Furthermore, there is strong pressure from vested interest to ensure that those schemes are “easily accessible to all farmers” – meaning paying for current practices or only marginal improvements. The Parliament even adopted amendments proposing to use eco-schemes to pay farmers for absurd things such as using a mobile application that helps them manage their nutrients, maintaining some zones where they don’t spray pesticides, or complying with national laws. An MEP likened the situation to a “polluter gets paid principle”.
Much of the details depend on choices that will be made this year by national agriculture ministries when designing the so-called CAP Strategic Plans. Eco-schemes could still be a force for good. Subsidies could be used to help livestock farmers transition to nature- and climate-friendly models. Carbon sinks could be protected through national regulations. However, history tells us that when given flexibility in the CAP, EU countries systematically chose the least ambitious path.
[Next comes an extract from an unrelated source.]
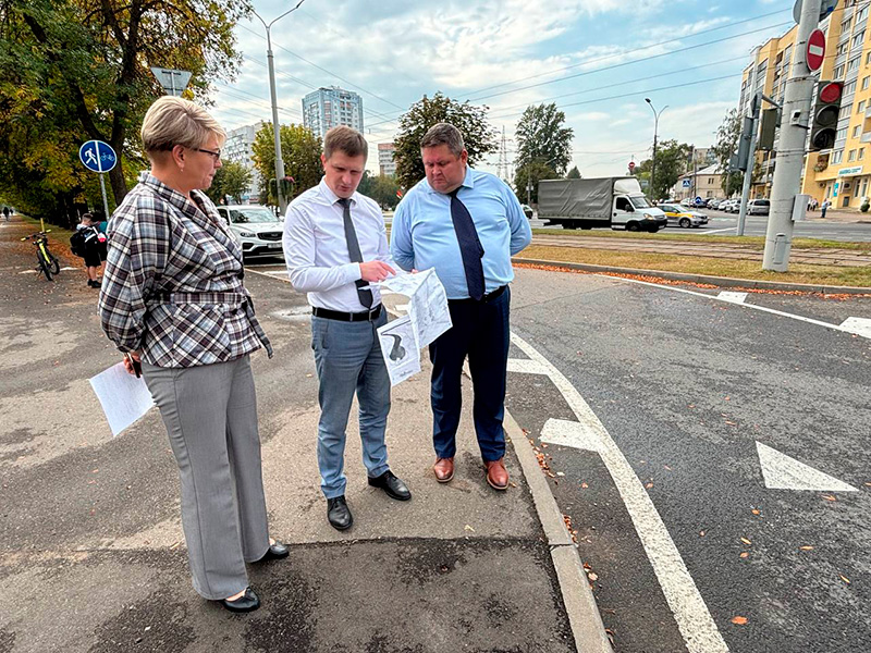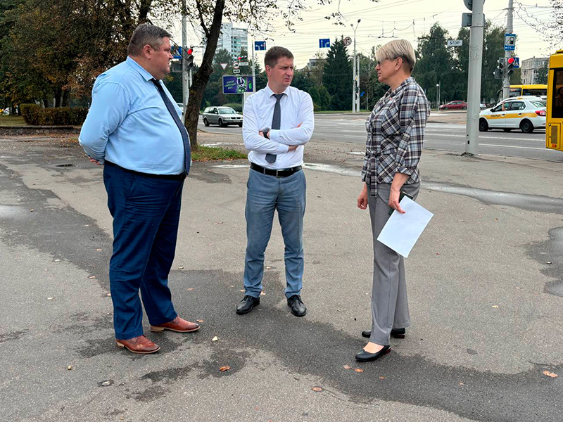 Глава администрации Первомайского района Вадим Передня во время объезда с заместителем Любовью Букаткиной и директором ГП «Ремавтодор Первомайского района» Сергеем Шкадаревичем оценил состояние инфраструктуры в проблемных местах.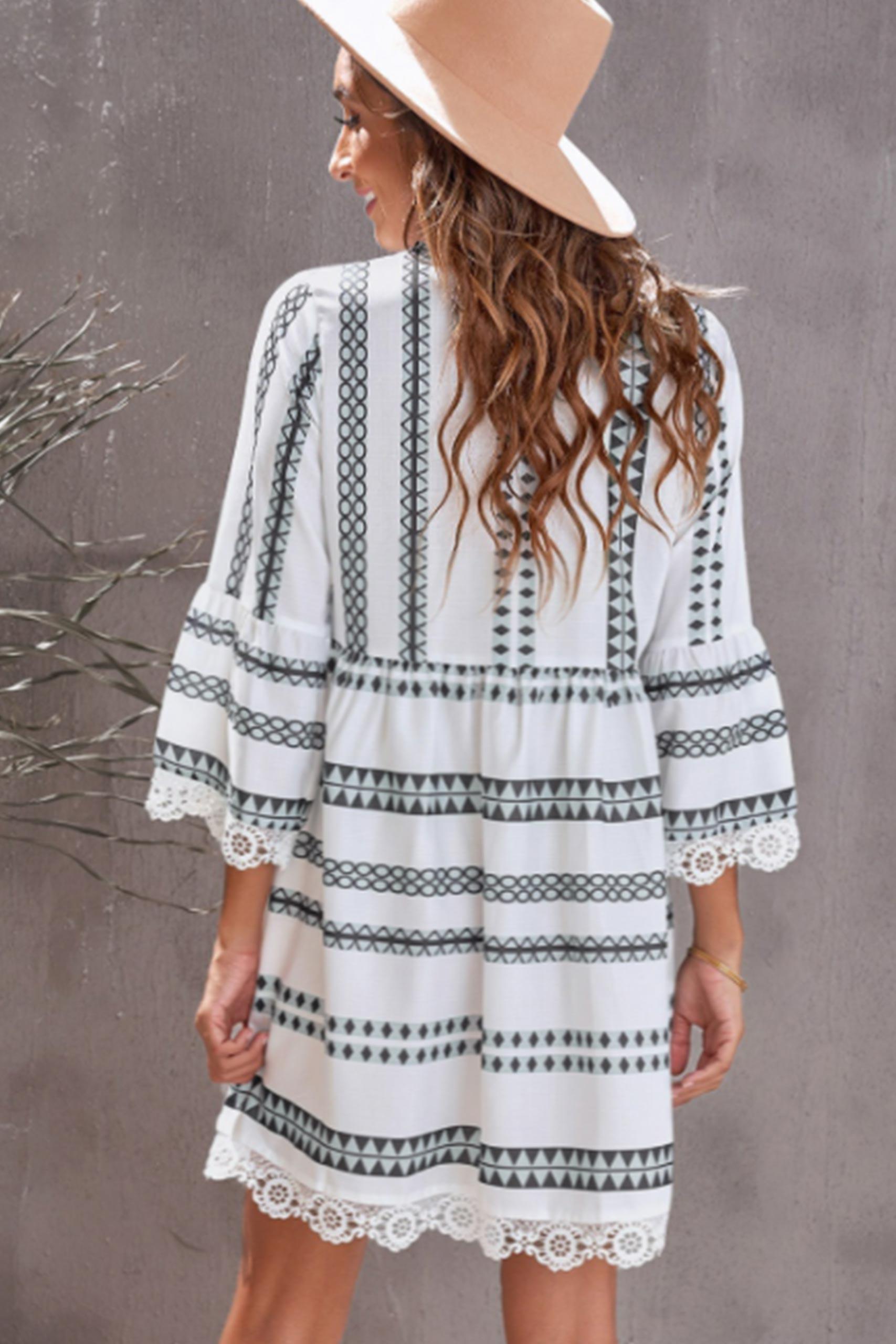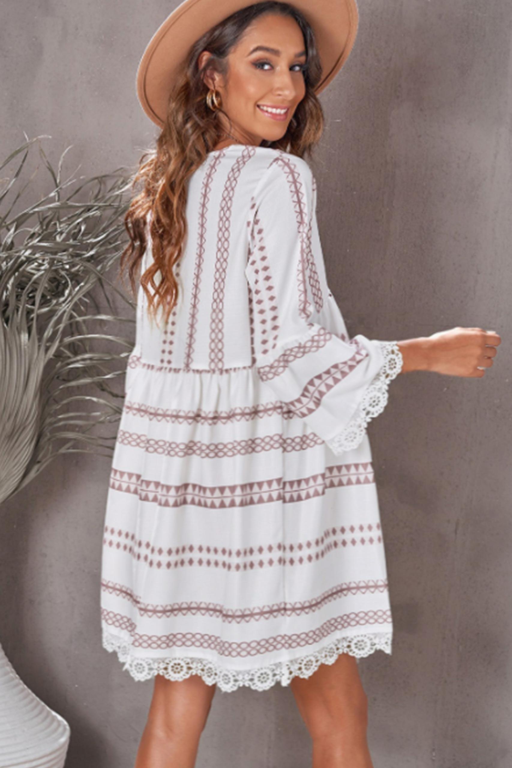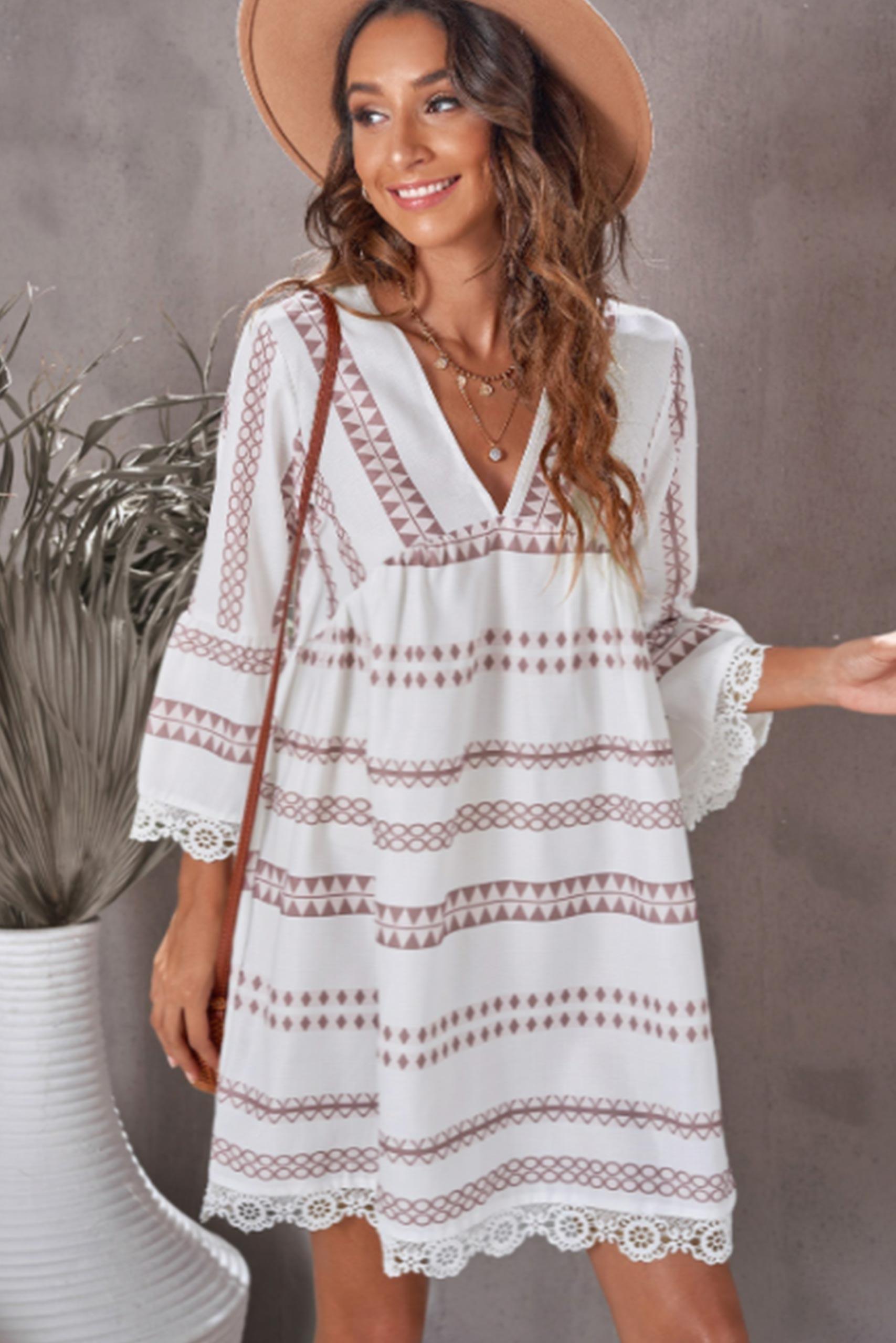 Ethnic chic φόρεμα σε Α γραμμή με V neck με δαντέλα βολάν στο τελείωμα.

But this could still change. Young climate activists recently got involved in the CAP campaign, and the massive public pressure calling on the Commission to #WithdrawTheCAP has had noticeable impacts. A continued mobilisation of civil society throughout 2021 will be crucial to help the Commission, progressive member states and MEPs salvage what can be salvaged in the upcoming negotiations and to ensure that national governments design ambitious CAP Strategic Plans. It will be an uphill battle, but one worth fighting.
Opportunities lying ahead?
Beyond the CAP, other policy initiatives are shaping up which have the potential to speed up climate action in agriculture. For example, DG CLIMA’s Carbon Farming Initiative, which aims at developing a certification scheme for carbon sequestration in agriculture. The project bears potential to unlock private funding streams for the direly needed adoption of sustainable land management practices, with climate and wider environmental benefits. However, it also carries risks which must be carefully addressed by the Commission. For example, this must not lead to carbon credits being used to compensate for emissions reductions in other sectors.
Another crucial development is the new climate regulatory framework, which could change the way agricultural emissions are addressed. This, again, presents both risks and opportunities. A weak framework could renew the agriculture sector’s free pass. But an effective framework, which should include legally binding EU and national emissions reduction targets for agriculture, could force member states to take action both in and outside of the CAP.
The EEB will engage closely with these processes in the new year. We hope you will too.